When the South Australian Auditor General tabled his annual report to Parliament, he made a number of clear observations that should resonate well beyond the South Australian border.
The Auditor summarised key messages from a number of audits undertaken throughout the year. One of the audits focussed specifically on Information Systems Management and Security.
"There should be the highest standards of security over government systems and information through the proper functioning and authorised access to the systems and information," the Auditor opened.
In the last year, four agencies were audited:
- South Australian Police (SAPOL);
- The Public Trustee;
- DTEI; and
A common problem was the lack of an identified business owner.
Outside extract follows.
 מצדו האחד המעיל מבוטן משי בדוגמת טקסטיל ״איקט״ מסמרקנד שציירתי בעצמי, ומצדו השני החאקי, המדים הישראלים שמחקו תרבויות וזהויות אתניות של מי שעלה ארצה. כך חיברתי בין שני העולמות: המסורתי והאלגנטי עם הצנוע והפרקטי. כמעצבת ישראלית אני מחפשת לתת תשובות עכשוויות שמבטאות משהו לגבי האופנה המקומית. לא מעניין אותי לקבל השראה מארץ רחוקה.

The Auditor correctly noted that without a Business Owner it was quite difficult to apply business criteria to information security and to ensure its ongoing application.
The Auditor General backed up his claims with instances where:
- User security access rights were being applied far too loosely, and
- Some sensitive information had been sent across the government network to non-government entities without being risk assessed and considered for encryption.
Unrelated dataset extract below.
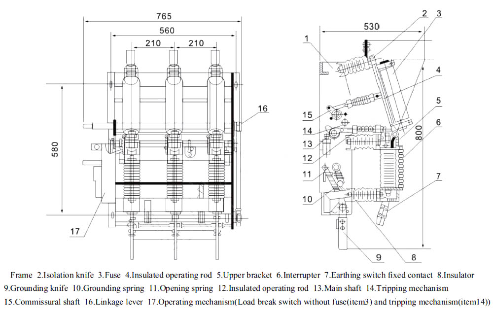 Công tắc tải trọng chân không điện áp cao FZN21-12 chủ yếu bao gồm FRAMER, công tắc ngắt kết nối (cầu chì giới hạn dòng điện của bộ kết hợp nằm trong công tắc ngắt kết nối), ống chuyển mạch chân không, công tắc nối đất, cơ chế vận hành lò xo, v.v. Sản phẩm này có cấu trúc nhỏ gọn, khối lượng nhỏ, tuổi thọ dài, khả năng đóng cửa và phá vỡ mạnh mẽ, và vận hành và bảo trì dễ dàng. Công tắc chân không được trang bị cơ chế hoạt động lò xo, áp dụng lưu trữ năng lượng lò xo động cơ điện (hướng dẫn sử dụng), và có hai loại phương pháp đóng: đóng điện và phân tách thủ công và đóng. Công tắc ngắt kết nối, công tắc chân không và công tắc tiếp đất được lồng vào nhau (lồng vào nhau cơ học) để ngăn chặn sự sai lệch.

Additional concerns were raised where key database management and operating system software was found to be out of date, and that removable media was being used for transport of confidential data without being encrypted.
The Auditor General indicated that further focus is necessary to "prevent risks of unauthorised access that could compromise confidentiality, integrity and availability of the systems and information."
He signalled his intention to continue "focus of review of government systems’ information security and control." This will include major existing, developing or newly implemented systems of government. He will also relate further with the Office of the Chief Information Officer on the Government agency wide implications of these matters.